You can reduce your US taxes due by applying tax credits related to foreign taxes you have paid on the part of your income that exceeds the foreign earned include exclusion allowed. The form used is 1116, with a separate form being required for different types of income – i.e. passive income, salary in excess of the foreign earned income exclusion, other income. Tax credits on any one category cannot exceed the amount of US tax due on that category. If you reside in a very high tax country, your foreign tax credits may eliminate your US tax burden, but if you live in a country with no personal income tax (such as the Middle East), you will not have any foreign tax credits available and will owe taxes to the United States. In many countries with average tax rates, your foreign tax credits may reduce but not completely eliminate your US tax burden.

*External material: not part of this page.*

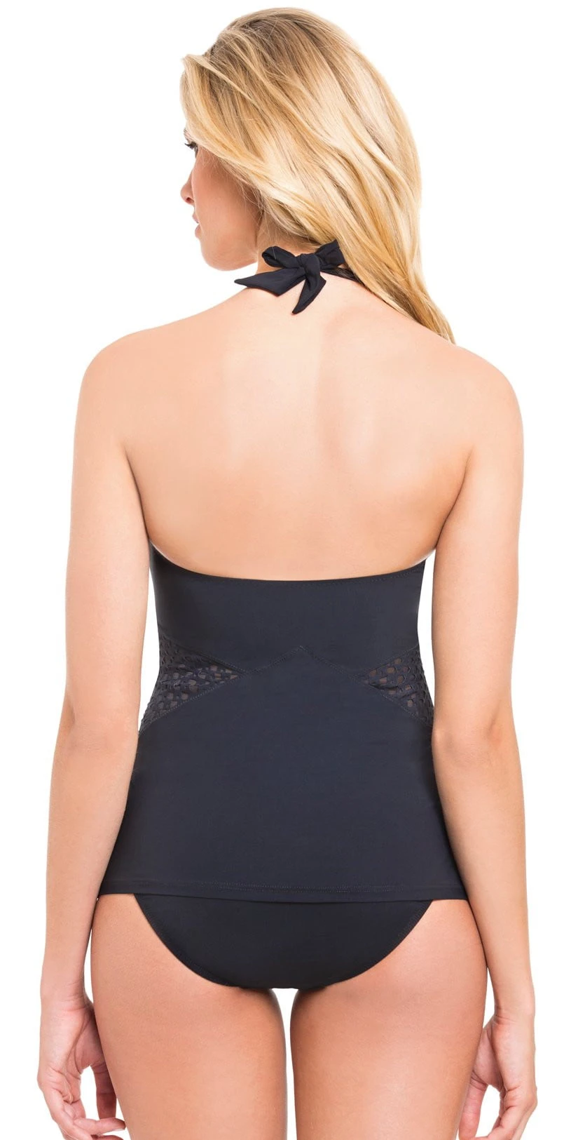 The Profile by Gottex Monte Carlo Zip Up Tankini Top is a sexy top with a zip front and side mesh over lay. This top offers a halter style and ties at the neck, soft cups, shelf bra and zip up front. Pair with your favorite Black Bottom.

US Treaties against double taxation

The United States has signed treaties against double taxation with several countries. These treaties are negotiated individually and do not all include the same provisions. If you live in one of these countries, you may want to consult the treaty.


Jane Bruno Tax Advice

Latest updated tax information from ACA's tax expert Jane Bruno. She has a lot of information of interest to US tax-payers living abroad

Check out Jane Bruno's website at www.expattaxpreparation.com where you can buy the latest of edition of the "Expat's guide to US  taxes" as well as join her new blog on taxes abroad .

 

Taxation on Citizens who renounce their American Nationality

ACA exists to defend the rights of American citizens residing overseas. In no way does ACA encourage Americans to renounce their nationality. Americans residing overseas are patriotic and emotionally attached to their country of origin. However, for various reasons, an individual may need to renounce his/her American citizenship. Very few do so – only a few hundred per year out of the estimated 4 to 6 million Americans overseas.
ACA informs those who wish to renounce their nationality that the US has passed a series of laws over several years on the presumption that the principal reason for renouncing one’s American nationality is for income tax avoidance purposes. These laws come under Section 877 and Section 7701 (n) of the US Tax Code. These laws penalize and discriminate against individuals renouncing their American nationality. In October 2007, the House Ways and Means Committee reviewed even more rigorous rulings in this area. As argued by Professor Michael Kirsch in his paper “The Tax Code as Nationality Law,” Congress has exceeded its Constitutional authority with the laws it has passed concerning the renunciation of US nationality. Anyone facing this dilemma would be wise to seek legal advice and to consult Professor Kirsch’s article. Go to law.nd.edu.